Microsoft will allow servers used for disaster recovery to carry copies of its Windows server software at no extra cost, as part of the its Software Assurance licensing programme.
A key condition is that the server must be used only for disaster recovery. Microsoft defines such servers as "cold servers", meaning ones turned off until a disaster arises.
The cold server provision will be applicable for the remaining term of any two- or three-year Software Assurance contract and is not perpetual.
Microsoft partner group manager Steve Haddock said the offering is "about adding value".
He said the key to successful uptake of the offer will be education of users by Microsoft's channel partners and hoped that it would have at least 30% uptake in the first year.
He believed the offer will aid small to medium-sized customers the most, because they often cannot afford a back-up solution.
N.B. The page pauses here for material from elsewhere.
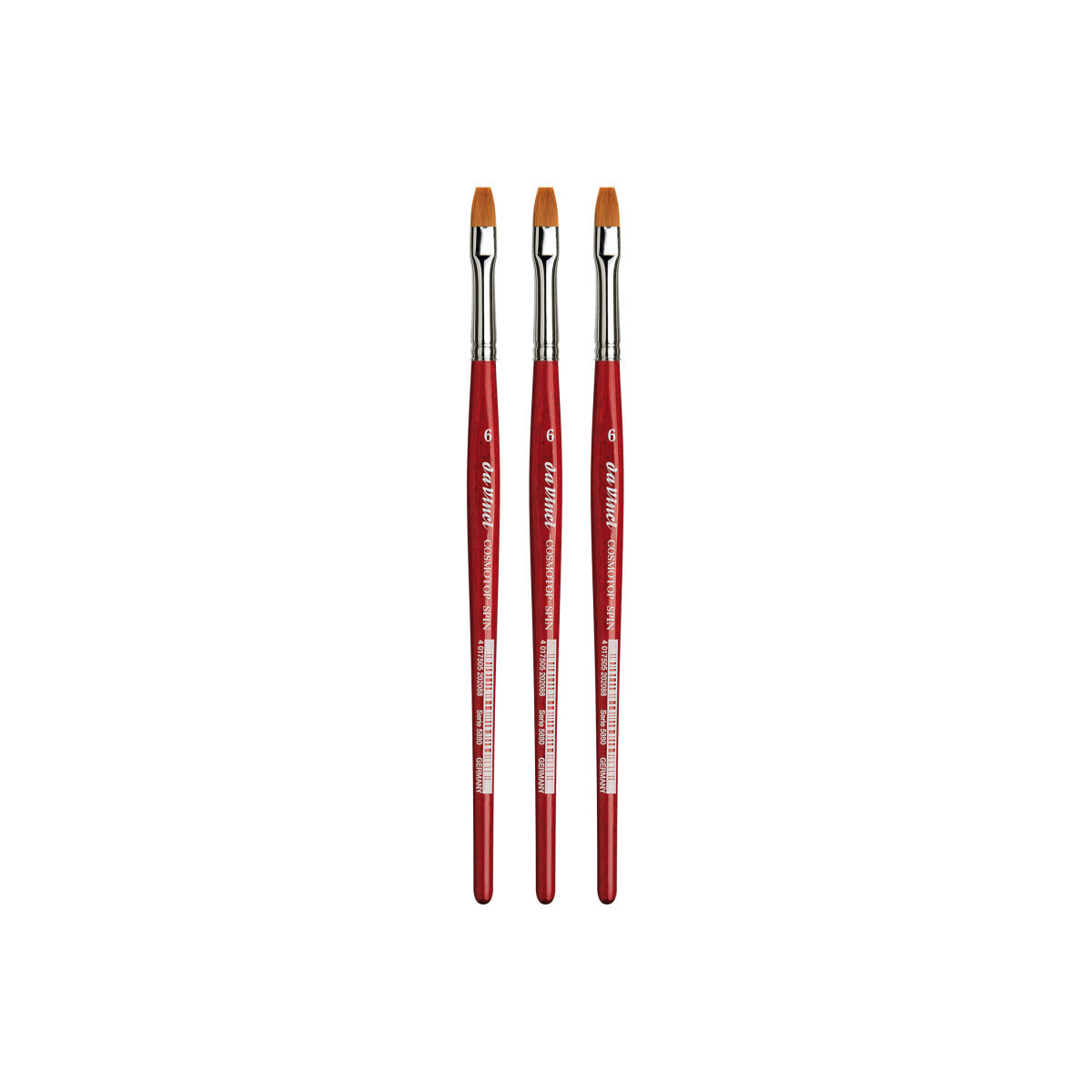 da Vinci COSMOTOP-SPIN Silkpainting Brush, Synthetic, Watercolor, Flat, Size 6, Pack of 3

Disaster recovery will become more important for SMEs in the next few years, he added.
Last year Microsoft offered several extras to Software Assurance in the fields of training, support and home use rights.
When it was introduced in 2001, Software Assurance met with mixed reactions from Microsoft users, with some complaining the 25% to 29% annual cost was higher than for other subscription-upgrade schemes offered by other suppliers.
Software Assurance works on the basis that customers pay an annual fee, approximately 29% of their annual licensing fee for desktop software and 25% for server apps, in exchange for free upgrades to the latest version of Microsoft software.